What is the Right Angle Fundamental?


Some people are tall while others are short. Some are top-heavy, others bottom heavy. So the way individuals carry their weight is different even though they may weigh the same amount numerically. Regardless, the key to being pain-free is that gravity is our friend. If it is not, our muscles will spend an extraordinary amount of energy trying to counteract its force, which is constant. One consistency, regardless of your ideal posture theory, is that the planes of motion should meet at 90° angles. We call this the Right Angle Fundamental. Basically, the body should maintain right angles around the planes of motion about the load-bearing joints. That's a loaded sentence, so what does that really mean? Let's start with the planes of motion. There are three planes of motion, and each is associated with a particular type of movement:


SAGITTAL PLANE - Divides the body vertically into right and left parts. Flexion and extension occur along the sagittal plane.


FRONTAL PLANE - Divides the body vertically into front and back parts. Abduction and adduction occur along the frontal plane.


TRANSVERSE PLANE -Divides the body horizontally into the top and bottom portions. The rotation occurs along the transverse plane. Regardless of where individuals hold their weight, ideal posture exists when the skeletal system carries their weight. For the skeletal system to effectively weight-bear, the three planes of motion should meet at 90° angles. When the right angle fundamental is met, the body’s eight load-bearing joints are vertically and horizontally aligned to the line of gravity and the horizon, respectively. In this case, minimal effort is needed from the muscles and ligaments to maintain balance.


So what happens if the right angle fundamental is not met? Let's start with the fundamental concept of planal deviation. Imagine that each of the lines representing a plane of motion is a pane of glass. If one shoulder shifted higher than the other, the glass would break. This would be a transverse plane deviation. If the spine curved to the right from scoliosis, the pane of glass would break. This would be a sagittal plane deviation. If the shoulders anteriorly rotated or the head jaunted forward from working too many hours at the computer, again, the glass would break. This would be a frontal plane deviation. In each of these examples, the movement that breaks the plane of motion is perpendicular to the movement that occurs in the plane. Another important point is that the movement that occurs in the plane helps to strengthen that plane of motion. So, flexion and extension occur in the sagittal plane (and strengthen the sagittal plane), while abduction/adduction breaks the sagittal plane (but strengthen the frontal plane). Since our bodies are designed to move, a problem only occurs when our bodies don't go back to the right angle.


By assessing all three planes together, we can assess alignment three-dimensionally. A deviation in one plane affects all planes. As a result of these deviations, the skeletal system is no longer effectively weight-bearing, and gravity is no longer our friend.
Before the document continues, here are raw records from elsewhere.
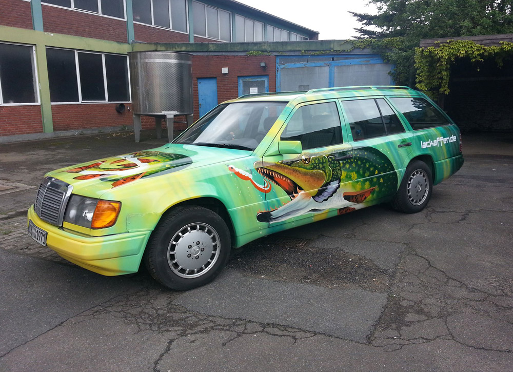 Für einige Angler ist ein Angelauto nicht einfach nur Mittel zum Zweck, sondern ein echter Status-Träger. Da werden mit feinen Airbrush-Techniken detailgetreue Formen und Linien auf den Lack gesprüht, sodass am Ende wahre Kunstwerke aus den Autos werden. Wir haben für Euch ein paar von solchen Kunstwerken aus dem Internet zusammengesucht. Viel Spaß beim Staunen!
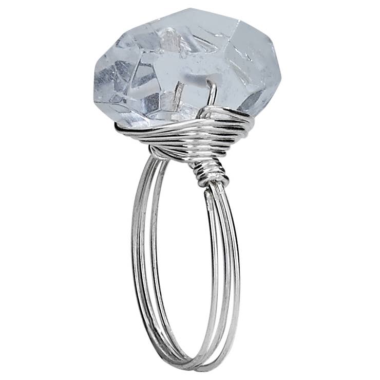 Square Crystal in champagne with tarnish resistant silver plated wire. Wire wrapped for design and stability. #1 SELLER! Sizes 5-10 Choose size at checkout. Also available in Blue Crystal or Smoke Crystal.
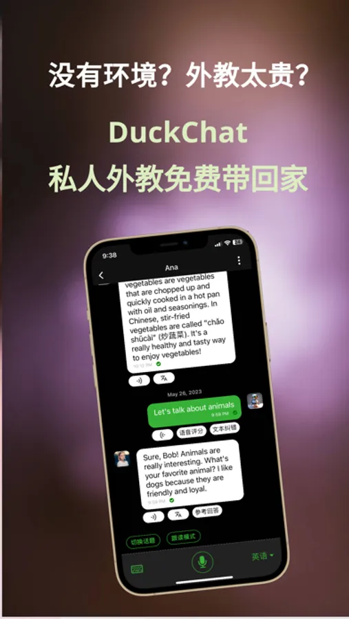 DuckChat是一款AI英语学习App,它采用了最新的人工智能技术,提供多角色AI英语外教随时随地与你聊天,通过创造真实的英语交流环境,帮助你更高效地学习英语,提高英语水平。
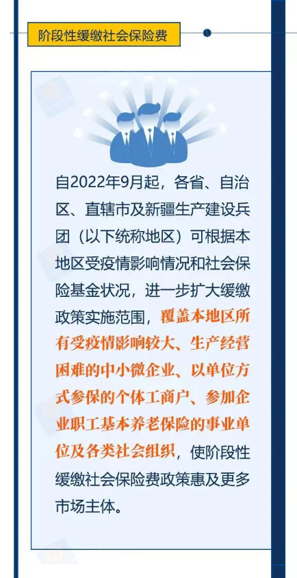 近日,人力資源社會(huì)保障部辦公廳、國家發(fā)展改革委辦公廳、財(cái)政部辦公廳、國家稅務(wù)總局辦公廳印發(fā)《關(guān)于進(jìn)一步做好階段性緩繳社會(huì)保險(xiǎn)費(fèi)政策實(shí)施工作有關(guān)問題的通知》。利好政策,一圖看懂——
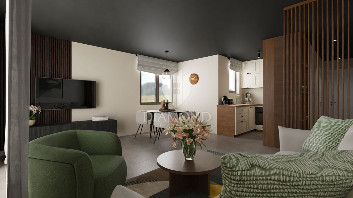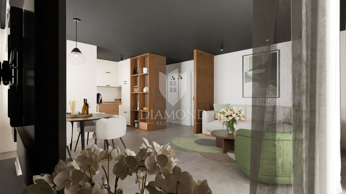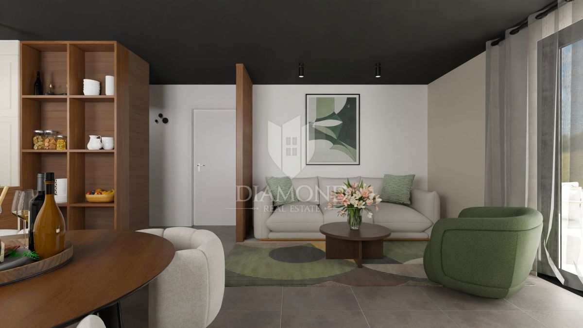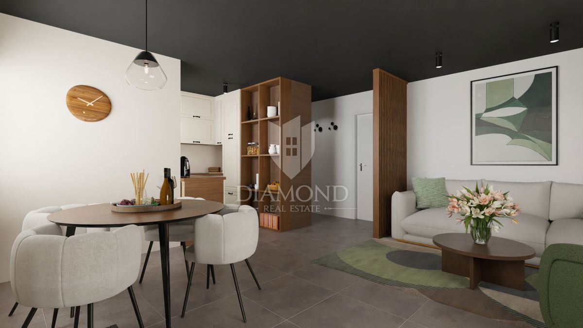 Poreč, okolica – Sodobno stanovanje v drugem nadstropju blizu morja! Le 8 km od mesta Poreč se nahaja ta sodobna stanovanjska zgradba s skupno 23 stanovanji. Stanovanje se nahaja v drugem nadstropju in ima skupno površino 61,36 m². Sestavlja ga hodnik,
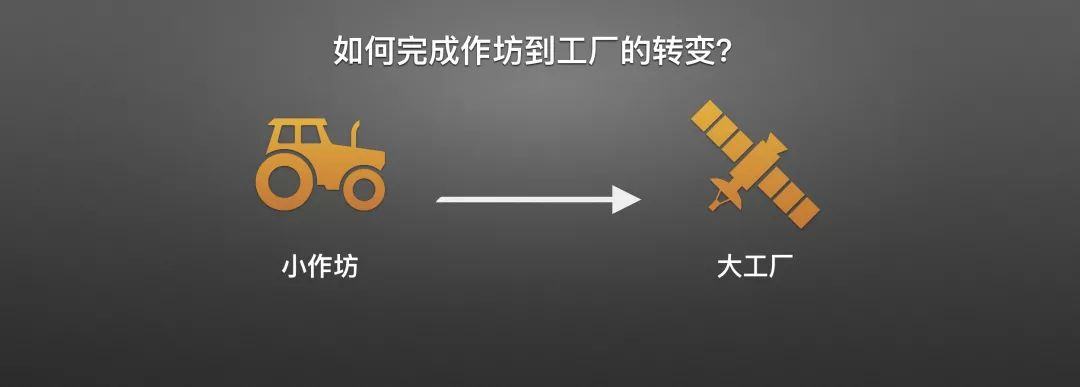 回到我们今天的主题:如何完成作坊到工厂的转变?把上面那些技术全都用一遍吗?哪怕你说插件化 Kotlin 都不适合我们,我找出适合我们的技术都用上,就是大工厂了吗?
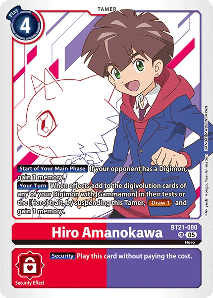Hiro Amanokawa BT21-080 SR Hero [Start of Your Main Phase] If your opponent has a Digimon, gain 1 memory. [Your Turn] When effects place digivolution cards under any of your Digimon with [Gammamon] in their texts or the [Hero] trait, by suspending this Tamer, <Draw 1> and gain 1 memory. --- [Security] Play this card without paying the cost.
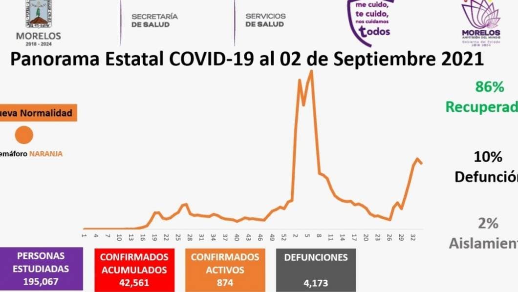 La Secretaría de Salud informa que a la fecha en Morelos se han estudiado 195 mil 067 personas, de las cuales se han confirmado 42 mil 561 con coronavirus COVID-19; 874 están activas y se han registrado 4 mil 173 defunciones.
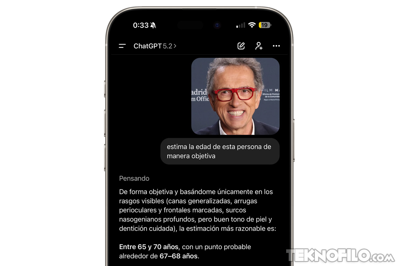 ChatGPT no “adivina” tu edad por arte de magia ni accede a datos personales. Lo que hace es analizar rasgos visibles en una imagen: textura de la piel, líneas de expresión, firmeza facial, presencia de canas, o incluso el estilo general.
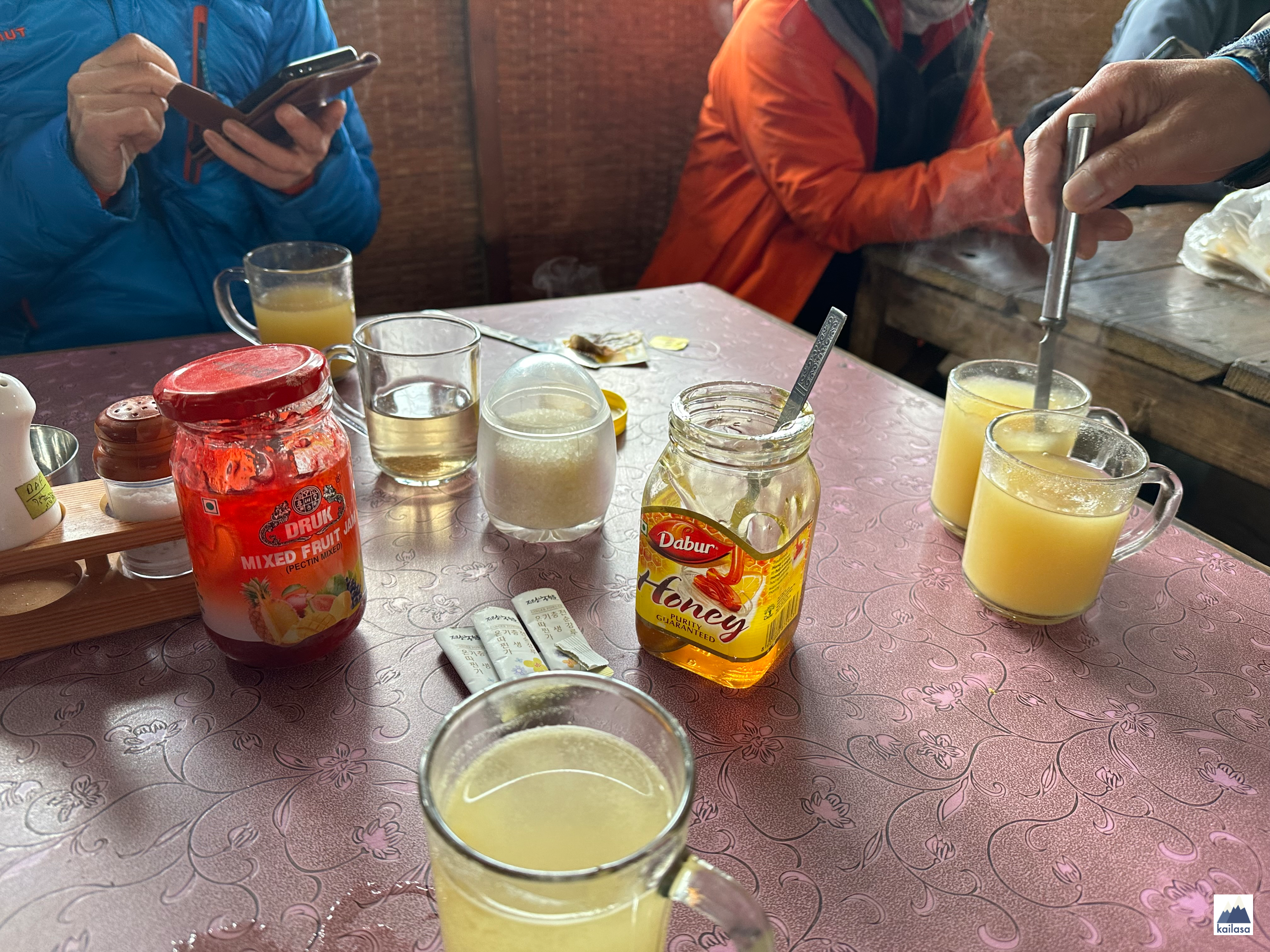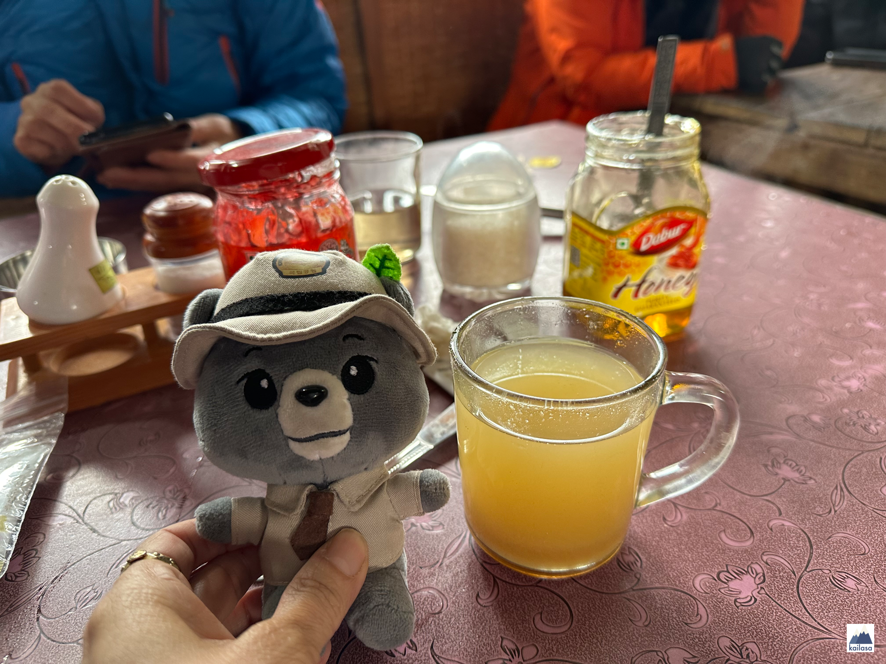 롯지 방 안에 들어가 옷 갈아입고 정리하는 갤루 다이가 레몬티를 가져다주셨다. 롯지에 도착하자마자 갈아입을 수 있도록 꺼낼 짐을 같이 모아놓았는데도 아직도 짐 꺼내서 옷 갈아입고 정리하는데 시간이 꽤 걸린다.

The stretch sensors (muscle spindles and the Golgi tendon organs) deep in the muscles detect excessive or sudden muscle tension changes, and the righting reflexes are invoked. There are five righting reflexes designed to restore optimal position when the body has deviated from it. The reflexes attempt to correct the deviation through a signal relayed from a reflex mechanism that causes a muscular contraction.


In the case of an athlete, such as a gymnast, the righting reflexes are strong and enhance performance by allowing the athlete to overcome the effects of sudden head movements. However, once the righting reflexes function improperly, the body enters into a state of compensated motion. The muscular system will adapt any way necessary to maintain balance against the force of gravity and to keep the eyes parallel with the horizon. For example, if a client has an elevated right hip (transverse deviation), their body may compensate by elevating their left shoulder (transverse deviation), bowing their spine (sagittal deviation), and anteriorly rotating their hips and/or shoulders (frontal deviation) to keep their eyes parallel with the horizon. Ideally, we can move our body through its full range of motion. The agonistic and antagonistic muscle groups are balanced and hold the body in proper alignment. If this is the case, the body can typically move efficiently and effectively in all three planes of motion. However, due to physical or emotional trauma, poor ergonomics, or attitude, posture may compromise. In this case, the body’s ability to move properly through all three planes of motion also becomes compromised, further affecting the soft tissue system's balance and structure (muscular, fascial, etc.).